## Assignment
Copy out the data below as written; omit any images.

Items listed in a dataset
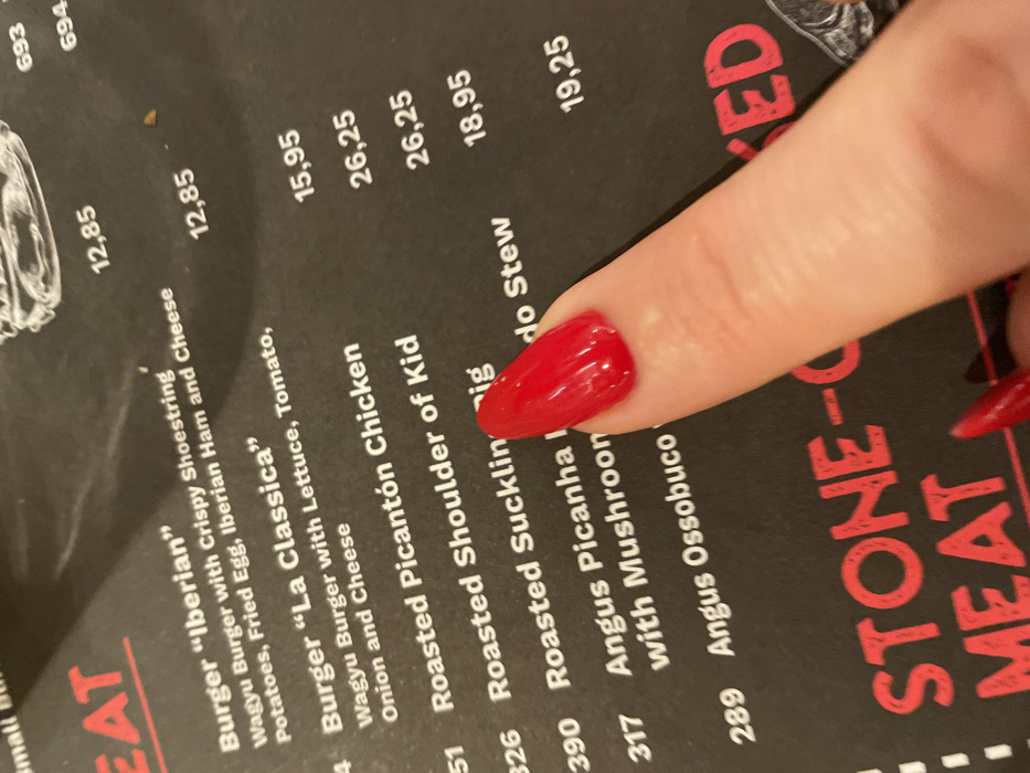 A restaurant menu features various meat dishes. "Burger Iberian" with crispy shoestring potatoes, fried egg, Iberian ham, and cheese is priced at 12.85. "Burger La Classica," made with Wagyu beef, lettuce, tomato, and onion, also costs 12.85. Roasted Picantón Chicken is 15.95, and Roasted Shoulder of Kid is 26.25. Roasted Suckling Pig is also 26.25, while Angus Picanha with mushroom stew is 18.95. Angus Ossobuco is priced at 19.25. A red nail is pointing at Roasted Suckling Pig. The menu section title reads "STONE- MEAT".
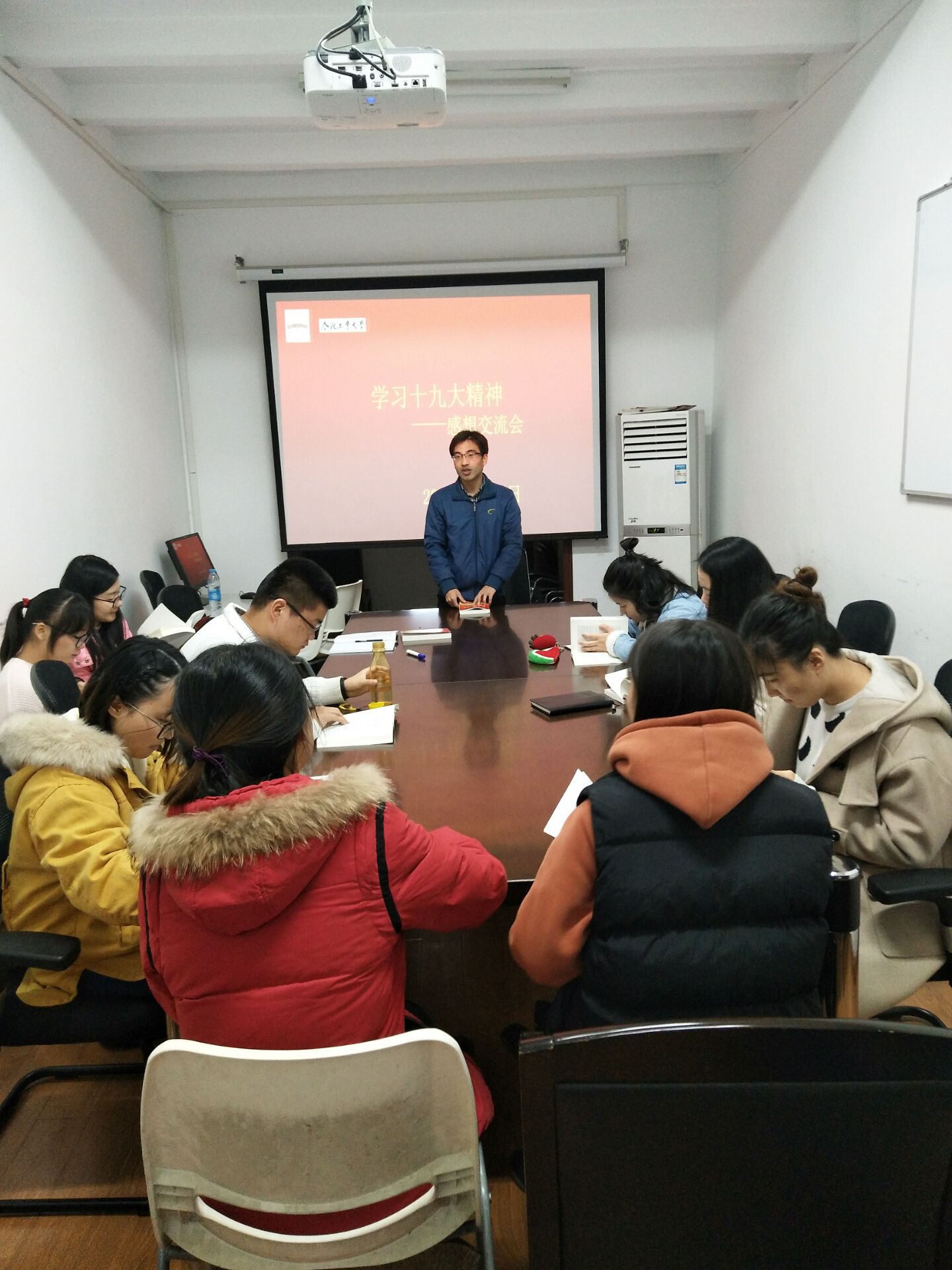 2017年12月4日上午10点,安博(中国)党委委员凡菊与其所联系的三个研究生党支部党员(资源经济与环境管理研究所党支部、品牌战略与服务营销研究所党支部、创业投资研究所党支部)在管理二号楼四楼会议室召开了学习十九大精神感想交流会,凡菊主持此次学习。
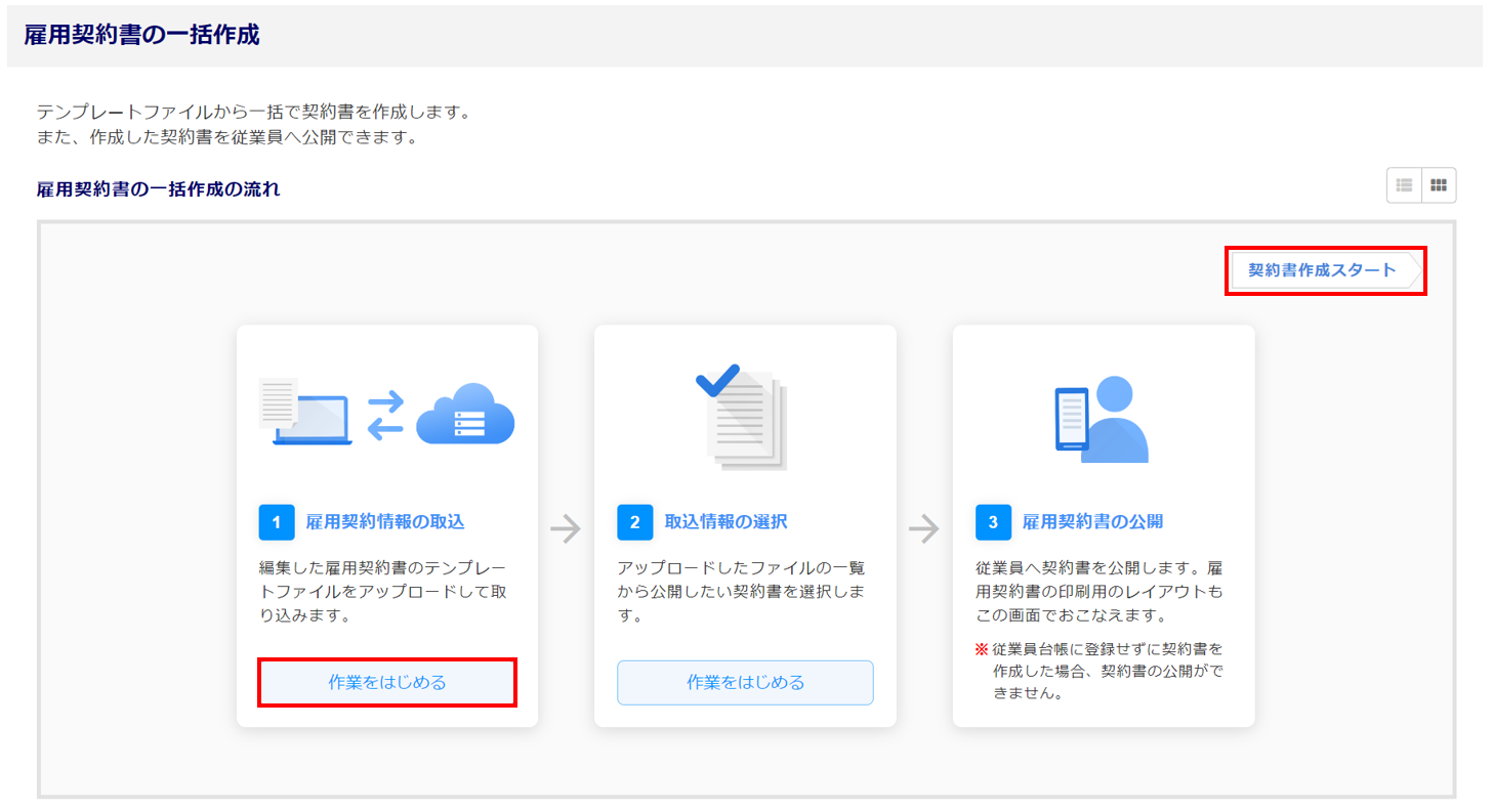 [契約書作成スタート]もしくは「雇用契約情報の取込」の[作業をはじめる]をクリックします。
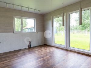 Современный актуальный дизайн дома как снаружи, так и внутри. Полностью укомплектованые санузлы с отделкой из итальянского керамогранита в сочетании с декоративной штукатуркой. На полу в гостиной и комнатах немецкий ламинат. Во всех помещениях светодиодные светильники и электрофурнитура. Уличные светильники также светодиодные. Помещение котельной полностью смонтировано и оборудовано электрокотлом, бойлером, системой ВК и канализации, системой теплых полов.
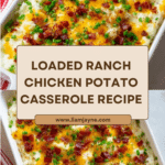This Loaded Potato Ranch Chicken Casserole is a comforting, one-dish meal featuring tender Yukon gold potatoes seasoned with ranch dressing and herbs, layered with juicy diced chicken breast, and topped with crispy bacon, melted Mexican cheese blend, and fresh green onions. Baked to perfection, it offers a creamy texture, smoky flavor, and vibrant colors, making it an ideal family-friendly dinner that’s both hearty and flavorful.
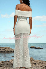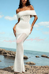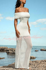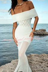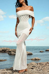 Solid Color Knit Openwork Off-shoulder Slim-fit Cover-up Maxi Dress
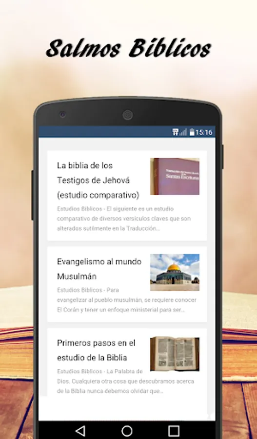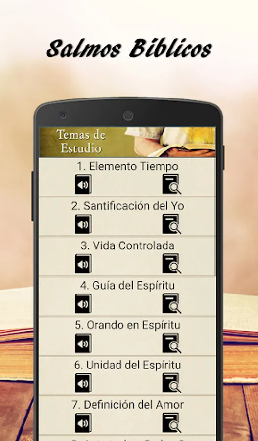 The Biblical Psalms application contains all 150 Psalms of the Bible, in 3 different versions arranged in a small application, fast and easy to use and with the possibility of listening to them.

## Task solution
 A restaurant menu features various meat dishes. "Burger Iberian" with crispy shoestring potatoes, fried egg, Iberian ham, and cheese is priced at 12.85. "Burger La Classica," made with Wagyu beef, lettuce, tomato, and onion, also costs 12.85. Roasted Picantón Chicken is 15.95, and Roasted Shoulder of Kid is 26.25. Roasted Suckling Pig is also 26.25, while Angus Picanha with mushroom stew is 18.95. Angus Ossobuco is priced at 19.25. A red nail is pointing at Roasted Suckling Pig. The menu section title reads "STONE- MEAT".
 2017年12月4日上午10点,安博(中国)党委委员凡菊与其所联系的三个研究生党支部党员(资源经济与环境管理研究所党支部、品牌战略与服务营销研究所党支部、创业投资研究所党支部)在管理二号楼四楼会议室召开了学习十九大精神感想交流会,凡菊主持此次学习。
 [契約書作成スタート]もしくは「雇用契約情報の取込」の[作業をはじめる]をクリックします。
 Современный актуальный дизайн дома как снаружи, так и внутри. Полностью укомплектованые санузлы с отделкой из итальянского керамогранита в сочетании с декоративной штукатуркой. На полу в гостиной и комнатах немецкий ламинат. Во всех помещениях светодиодные светильники и электрофурнитура. Уличные светильники также светодиодные. Помещение котельной полностью смонтировано и оборудовано электрокотлом, бойлером, системой ВК и канализации, системой теплых полов.
This Loaded Potato Ranch Chicken Casserole is a comforting, one-dish meal featuring tender Yukon gold potatoes seasoned with ranch dressing and herbs, layered with juicy diced chicken breast, and topped with crispy bacon, melted Mexican cheese blend, and fresh green onions. Baked to perfection, it offers a creamy texture, smoky flavor, and vibrant colors, making it an ideal family-friendly dinner that’s both hearty and flavorful.
 Solid Color Knit Openwork Off-shoulder Slim-fit Cover-up Maxi Dress
 The Biblical Psalms application contains all 150 Psalms of the Bible, in 3 different versions arranged in a small application, fast and easy to use and with the possibility of listening to them.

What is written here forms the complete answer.